• [ACTIVITY] With the pictures left out, set down the line containing "2025년 10월 29일, 한국" and each line after it to the end of the material, exactly as written.

• [DATA SHOWN]
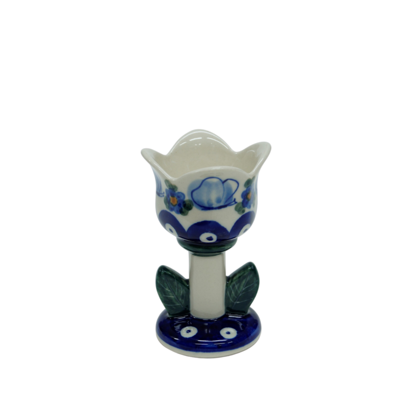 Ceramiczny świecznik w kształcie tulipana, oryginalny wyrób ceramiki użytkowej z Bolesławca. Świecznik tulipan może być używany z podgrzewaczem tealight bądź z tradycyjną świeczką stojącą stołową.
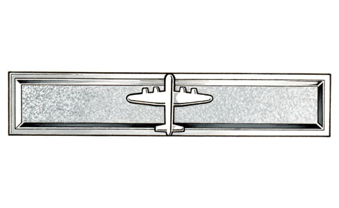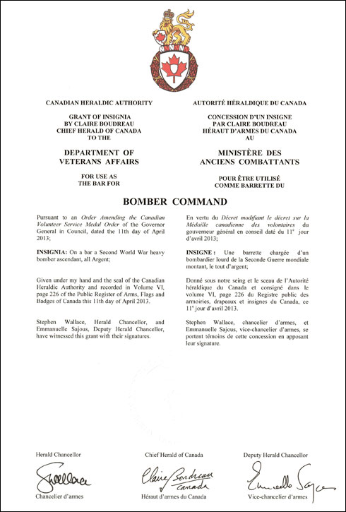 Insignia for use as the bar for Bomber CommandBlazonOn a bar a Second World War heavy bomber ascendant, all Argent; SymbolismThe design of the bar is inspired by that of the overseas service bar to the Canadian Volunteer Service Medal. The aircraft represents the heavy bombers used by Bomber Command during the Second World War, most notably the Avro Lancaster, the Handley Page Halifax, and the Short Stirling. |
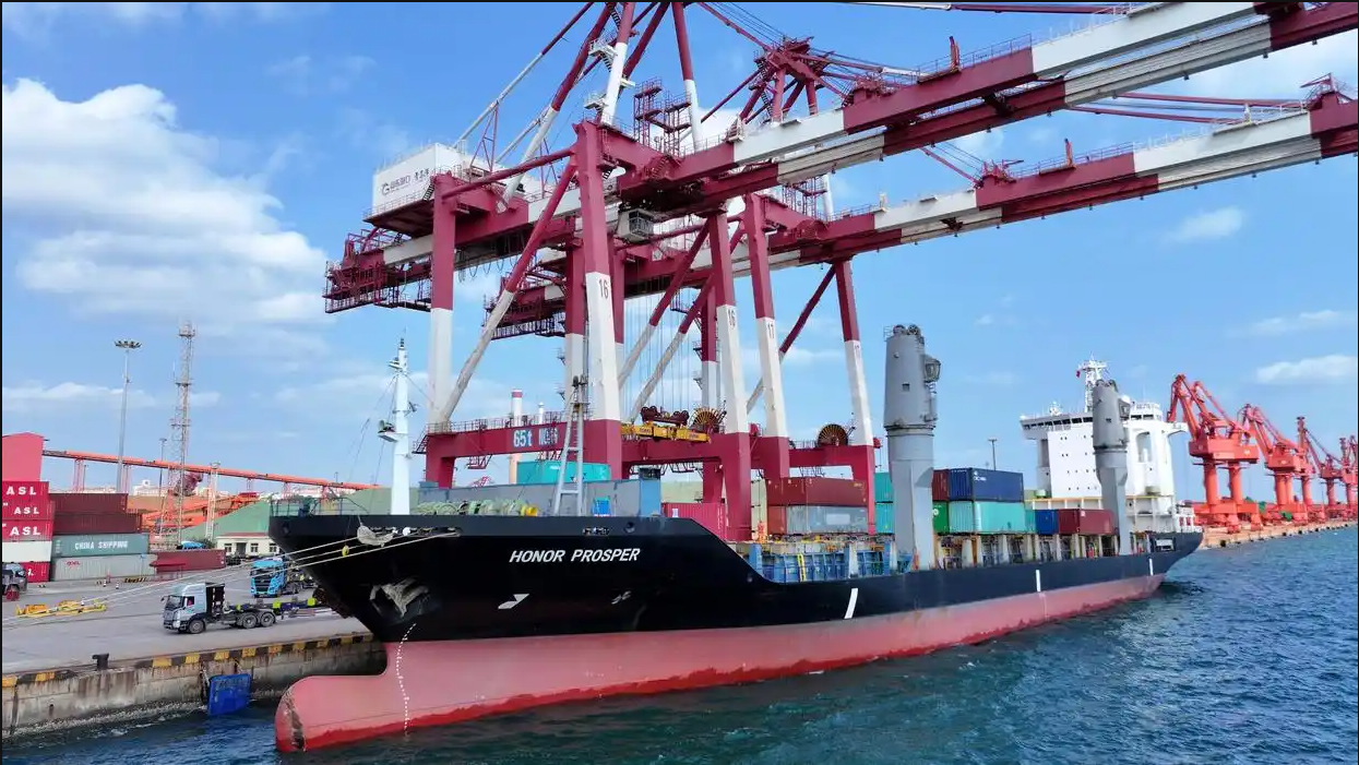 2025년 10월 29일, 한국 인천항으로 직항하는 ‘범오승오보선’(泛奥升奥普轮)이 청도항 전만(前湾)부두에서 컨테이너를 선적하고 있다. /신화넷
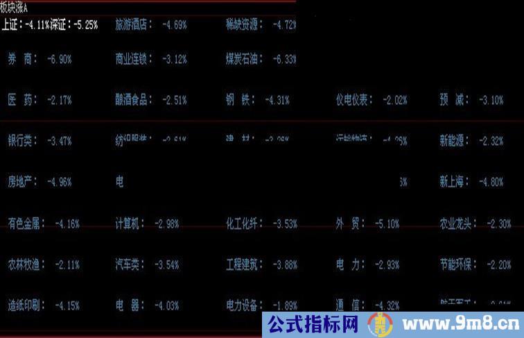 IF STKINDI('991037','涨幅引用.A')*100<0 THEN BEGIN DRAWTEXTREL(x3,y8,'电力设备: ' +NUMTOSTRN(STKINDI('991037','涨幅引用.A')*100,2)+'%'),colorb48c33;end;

• [ANSWER TO THIS TASK]
 2025년 10월 29일, 한국 인천항으로 직항하는 ‘범오승오보선’(泛奥升奥普轮)이 청도항 전만(前湾)부두에서 컨테이너를 선적하고 있다. /신화넷
 IF STKINDI('991037','涨幅引用.A')*100<0 THEN BEGIN DRAWTEXTREL(x3,y8,'电力设备: ' +NUMTOSTRN(STKINDI('991037','涨幅引用.A')*100,2)+'%'),colorb48c33;end;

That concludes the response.